On the evening of Wednesday, June 5, thunderstorms developed over portions of eastern New Mexico and the Texas South Plains. These storms moved southeastward into the Texas Permian Basin late Wednesday evening and early Thursday morning.

Reflectivity Radar Image from 0423Z on 6/6/13

The complex of thunderstorms produced damaging winds across the Permian Basin. The following map shows the peak wind gusts at particular locations across the area.


Map of peak wind gusts

Numerous reports of damage due to the severe winds occurred in Gaines County. At the Seminole fire station, severe northwest winds bent a 60 foot tri-section radio antenna over to the southeast onto nearby electrical running parallel to 2nd Street. In addition, vehicles parked on the southeast side of the fire department sustained damage.
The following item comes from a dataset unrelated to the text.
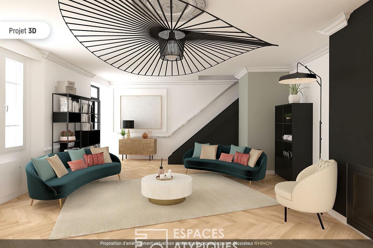 La cheminée et l’escalier noirs modernisent l’ensemble et permettent de projeter une décoration tout aussi classique que très actuelle.

Seminole Fire Department Antenna

At the Seminole football field, large metal covers for the long jump pits were torn free from their ground anchors. Wind carried one of these as far as two blocks away through chain link fences, before finally knocking down a light pole. The following are before and after pictures of these covers. (Images courtesy of Keith Lambert)

Long Jump Pit Cover

Damaged Long Jump Pit Cover

Additional damage in Gaines County occurred approximately 15 miles west of Seminole where a portion of a mobile home along Highway 62/180 was blown over and destroyed. Portions of the mobile home were blown into vehicle traffic along the highway.

Other notable damage occurred at Midland International Airport where 3 newly built hangers sustained damaged. While two of these hangers had minimal damage, a third hanger sustained significant roof damage. The following images show that damage.  The first image courtesy of Midland International Airport.

Damaged Midland Hanger

Midland Airport Hanger Damage

Primary indications are that this hanger had its northwest-facing doors open. This allowed for northwest winds to enter the building and lift the roofing material upward, causing significant damage.
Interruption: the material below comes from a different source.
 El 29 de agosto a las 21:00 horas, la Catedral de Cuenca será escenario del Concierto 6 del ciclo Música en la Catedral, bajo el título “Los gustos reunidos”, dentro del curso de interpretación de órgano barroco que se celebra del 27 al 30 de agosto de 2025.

There is a distinct possibility that winds speeds were locally enhanced near this hanger due to its position in relation to the two other hangers directly upwind to the northwest.

Birdseye view of hanger location - old picture

The NWS uses a variety of damage indicators to estimate tornado wind speeds. While this event was a straight line wind event, use of the damage indicator for metal building systems with inward or outward collapsed overhead doors would have yielded a wind estimate in excess of 75 mph.

Midland hanger damage


Based on the degree of damage to the overhead doors, estimated wind speeds in the 75 to 85 mph range are reasonable. This estimate is well above the measured winds at nearby observation sites. However, locally enhanced wind speeds likely occurred as northwest winds were funnelled between the two upsteam hangers.

Reports from Borden County indicated that a smaller airplace hander (approximately 35'x20') was destroyed 1 mile south of Gail. In Scurry County, approximately 12 power poles were snapped along Highway 180 just east of the intersection with U.S. Highway 84 near Snyder. Homes in portions of Snyder sustained minor shingle damage, consistent with the 72 mph wind measured at the TTU Mesonet site located 3 miles east of Snyder. In addition, wind driven hail in the community of Hermleigh, located southeast of Snyder, broke out windows in residential homes and produced significant hail damage to vehicles.

Overall, wind speeds were generally in the 55 to 70 mph range. Midland International Airport measured a 62 mph at their observation site, while the TTU mesonet site 5 miles southwest of St. Lawrence in Glasscock County had a measured gust of 68 mph. The TTU mesonet site located 3WNW of Fluvanna in northwest portions of Scurry County reported a 70 mph gust.